Re: DOI-DIS 7.  http://stderr.org/pipermail/inquiry/2005-February/002346.html
In: DOI-DIS.    http://stderr.org/pipermail/inquiry/2005-February/thread.html#2343

BB: If "an unlimited amount of information" means the same as "infinite information",
    it's an oxymoron, which is how I first read the post, and, I took it, your
    wry-sounding reply that we don't know.  An infinity of information requires
    an infinite channel, which are equally oxymoronic as any particular event
    in an infinite channel would be equally likely with any other event --
    i.e.,  it would lack the necessary systemic (stochastic) constraints
    (or systematic covariance with an external system) to be a channel.
    If "unlimited amount of information" means "an unspecifiable amount"
    of "it's green", "solid", "round", etc., but an amount we'll recognize
    when it is sufficient, your reply is still correct, but with less
    wryness.  If it means an infinite amount of "it's green", solid",
    "round", etc., then we are back to an oxymoron again because the
    infinity would surely encompass "not-green", "not-solid", etc.,
    and your reply is back to sounding wry again.

Bill,

There are many interesting side-tracks here, but before
we get too far down the scenic railroad on some of them,
let's recall that this whole question initially rose in
connection with Peirce's definition of a "logical atom"
as a "term not capable of logical division", in essence,
"one of which every predicate may be universally affirmed
or denied".  The real problem here is with the invocation
of "every predicate", all of which possible predicates we
never really invoke in a well-bounded frame of reference,
but more sensibly limit ourselves to some well-defined
channel, code set, discursive universe, formal language,
family of natural kinds, or whatever you want to call it.

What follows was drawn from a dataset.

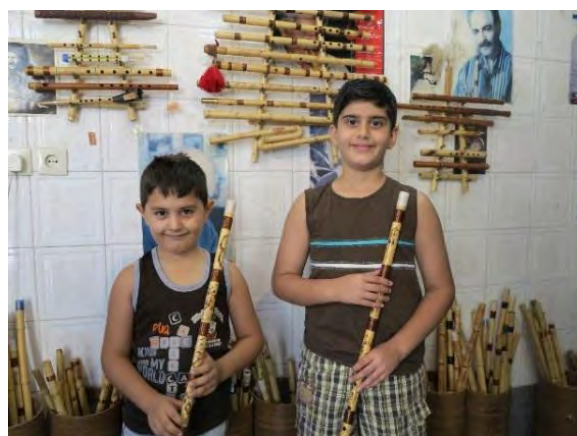
تصویر ۷. گردشگران در حال بازدید از کارگاه خصوصی ساخت سازهای بادی در مرودشت استان فارس. این کارگاه‌ها یکی از جاذبه‌های گردشگری موسیقی در این شهرستان است

سازسازها در اغلب اوقات خود نیز نوازنده‌اند و برای ساخت ساز از ابزارهای محلی استفاده می‌کنند؛ همین امر بازدید از کارگاه‌های آنان را برای گردشگران مهیج‌تر می‌کند. در کشور ما تقریباً در اغلب موارد سازهای محلی در خود منطقه ساخته می‌شوند؛ از همین روی، می‌توان گردشگری سازسازی را یکی از شیوه‌های مؤثر در رونق گردشگری موسیقی و آورده‌های اقتصادی آن برای محل برشمرد.

In Peirce's original context, it is reasonable to imagine that we can always
think of one more predicate to divide whatever term we are given, since there
is no talk yet of realistic practical constraints on our imagination.  In that
frame of mind, what Peirce says about logical atoms, that they "can be realized
neither in thought nor in sense", seems true enough.

By way of a slippery slope that I'm still trying to plot the grade of,
we graduated from this talk of unrealizable logical atoms to talking
of whole systems, some very different from atoms in their imagery,
that take overwhelmingly lots and lots of information to specify.
The question there becomes, not whether we can imagine new ways
to split the evolutionary heirs of the system, but whether we
really need to in order to tie the system down sufficiently
securely.  Whatever the situation with abstract, extreme,
ideal cases, it seems clear enough that we commonly find
ourselves pressed in our concrete, middling, practical
situations to invoke as yet unconsidered distinctions
in order to describe the situation adequately.  And
since the use of abstract extreme ideals is mainly
to illuminate concrete middling practice, we are
brought to this pass in any case.

One of the interesting issues that arises here is the issue of abduction.
The problem of abductive inference is the problem of "changing channels",
that is, a study of the forces that lead us to add a new concept, all the
better to unify the manifold of sensuous impressions, and the reasons why
it might be impossible to unify sense in a reasonable fashion without it.